Lokatorzy skrzywdzeni przez czyścicieli kamienic, będą mogli przez 30 lat ubiegać się o odszkodowanie
Jak pisze „Rzeczpospolita”, lokatorzy, którzy zostali skrzywdzeni przez czyścicieli kamienic, będą mogli przez 30 lat ubiegać się o odszkodowanie lub zadośćuczynienie. Posłowie zasiadający w sejmowej Komisji Ustawodawczej przegłosowali kilka dni temu zmiany w tej sprawie.
Komisja zakończyła też prace nad projektem ustawy powołującym do życia komisję weryfikacyjną mającą się zająć problemem dzikiej reprywatyzacji w Warszawie. Już w przyszłym tygodniu ustawę może uchwalić Sejm. Chodzi o rządowy projekt ustawy o szczególnych zasadach usuwania skutków prawnych wydanych z naruszeniem prawa decyzji reprywatyzacyjnych dotyczących nieruchomości warszawskich. Na posiedzeniu komisji posłowie zdecydowali się na kilka poprawek. Mają wzmocnić pozycję lokatorów przekazanych dawnym właścicielom lub handlarzom roszczeń razem ze sprywatyzowaną kamienicą.
Zaproponowane poprawki poparł rząd.
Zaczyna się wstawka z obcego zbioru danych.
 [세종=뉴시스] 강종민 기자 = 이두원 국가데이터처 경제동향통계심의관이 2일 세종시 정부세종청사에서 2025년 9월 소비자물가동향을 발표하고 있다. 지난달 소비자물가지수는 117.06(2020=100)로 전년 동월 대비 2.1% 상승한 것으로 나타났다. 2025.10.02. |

Dzięki nim komisja weryfikacyjna otrzymała uprawnienie do uchylania decyzji reprywatyzacyjnych także wtedy, gdy lokatorzy ze sprywatyzowanych kamienic byli uporczywie szykanowani na różne sposoby po to tylko, by wyprowadzili się z budynku. Jeżeli dojdzie do wydania takiej decyzji w konkretnej sprawie, lokatorzy będą mogli ubiegać się o odszkodowanie.
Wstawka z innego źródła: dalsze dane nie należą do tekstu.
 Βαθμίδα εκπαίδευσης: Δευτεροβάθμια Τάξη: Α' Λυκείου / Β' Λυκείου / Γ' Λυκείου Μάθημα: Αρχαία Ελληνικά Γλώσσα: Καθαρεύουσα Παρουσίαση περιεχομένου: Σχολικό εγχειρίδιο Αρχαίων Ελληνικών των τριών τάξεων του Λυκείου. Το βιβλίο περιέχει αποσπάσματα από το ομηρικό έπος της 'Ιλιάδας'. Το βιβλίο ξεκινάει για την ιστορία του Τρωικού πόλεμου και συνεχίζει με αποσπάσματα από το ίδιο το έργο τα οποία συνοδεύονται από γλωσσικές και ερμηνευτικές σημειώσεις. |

Komisja weryfikacyjna to pomysł ministra sprawiedliwości. Miała ruszyć 1 stycznia, ale powołującej ją ustawy wciąż nie uchwalono.
Ma ona badać zgodność decyzji reprywatyzacyjnych z prawem. Jeśli nie dopatrzy się nieprawidłowości, pozostawi nieruchomość w rękach właściciela. Jeżeli wydanie np. kamienicy okaże się bezprawne, to nakaże jej zwrot, a gdy nie będzie to możliwe (bo została już zbyta) – wypłatę rekompensaty przez osobę, która złamała prawo. Pieniądze trafią na konto Funduszu Rekompensat Reprywatyzacyjnych, przeznaczonego na wsparcie wyrzuconych lokatorów.
Decyzje komisji będzie opiniowała społeczna rada składającą się z dziewięciu osób powoływanych spośród organizacji pozarządowych, stowarzyszeń i organizacji wspierających lokatorów.